Python detect duplicate Docs

So I am working on a project that query’s the local system for specific parameters and then needs to upload those parameters. The key is a specific system could be scanned 100’s of time and I need to determine if a doc = the local json and if so return object id. I have tried several different ways… unique indexes updateone…

What is the recommended method for doing this?

The solution I came up with is doing a query then detecting if the query brings back a document. I feel this is clunky, but works.
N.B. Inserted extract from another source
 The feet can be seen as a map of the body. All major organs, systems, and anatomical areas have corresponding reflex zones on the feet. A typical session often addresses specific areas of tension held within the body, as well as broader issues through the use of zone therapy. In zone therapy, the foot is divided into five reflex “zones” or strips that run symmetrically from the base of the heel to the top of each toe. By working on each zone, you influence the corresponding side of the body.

If I determine there is a match, I will return the objectID, for post-processing

def db_query_for_existing_HW(env_hw):  
    env = env_hw()
    myclient = MongoClient(env.connection_string)
    mydb = myclient[env.db_name]
    col_hw = mydb[env.col_name_hw]
		#open current HW Manifest
    with open(env.manifest_path) as f:
        data = json.load(f)
    length = len(data['system board'])
    dict_systemboard = create_HW_dicts(data, "system board", length)
    length = len(data['cpu'])
    dict_cpus = create_HW_dicts(data, "cpu", length)
	q = {
        "system board.description": dict_systemboard['description'],
        "cpu.code_name": dict_cpus['code_name']
    myquery = col_hw.find(q)
    for x in myquery:
    return env

Hello @Joe_N_A, Welcome to the MongoDB Community forum!
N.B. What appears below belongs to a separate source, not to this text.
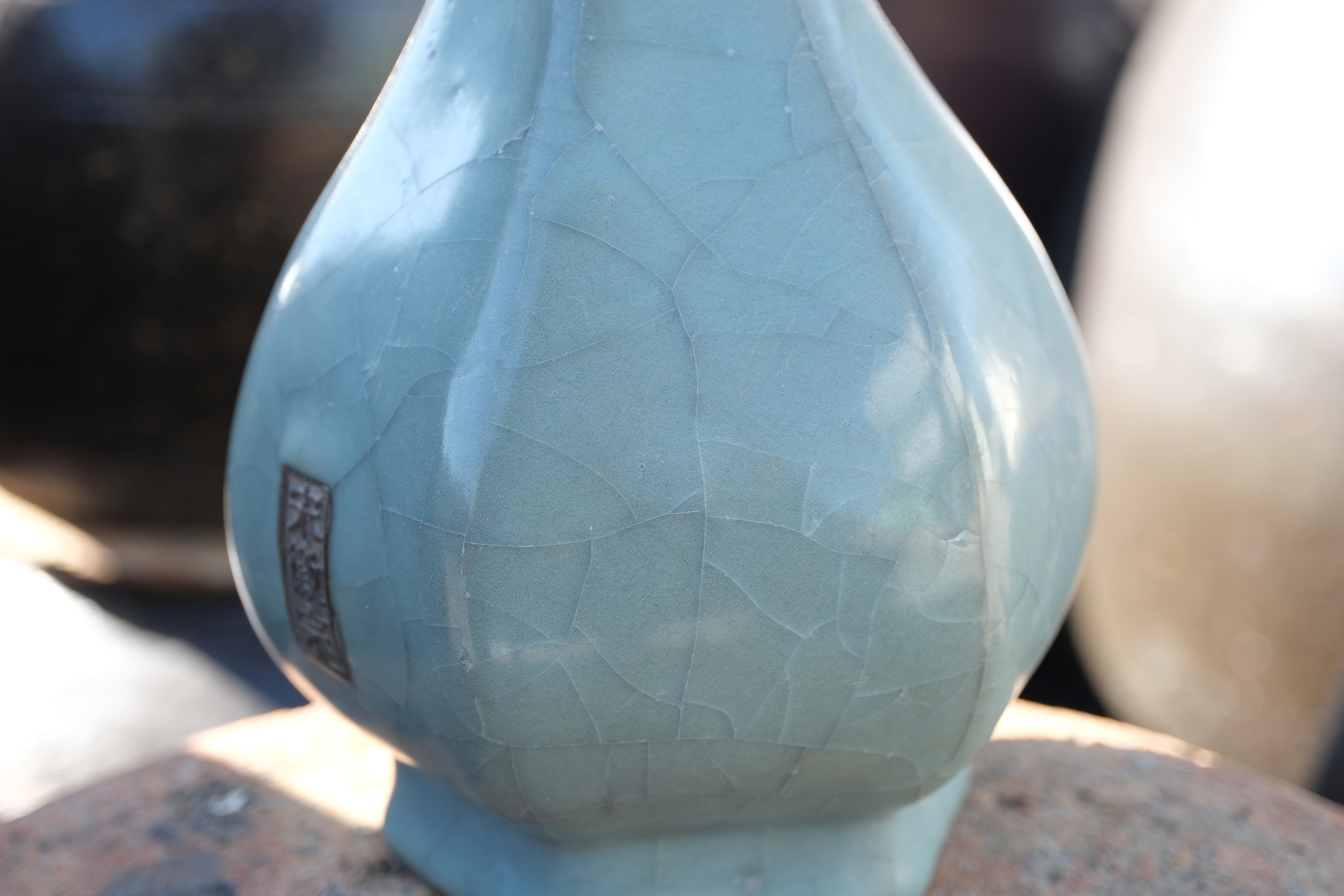 A0046. Guan-type Glazed Vase with Tubular Handles

As you are just checking if there is a match in the database, and then return a True , the following is simpler:

myquery = col_hw.find_one(q)
if myquery:
    env.match = True

Note the find_one returns the first matching document or a None in case there is no match. This avoids reading all the matching documents in a for-loop.

1 Like

You are correct, just looking for a match, so I don’t pollute the db with the same docs.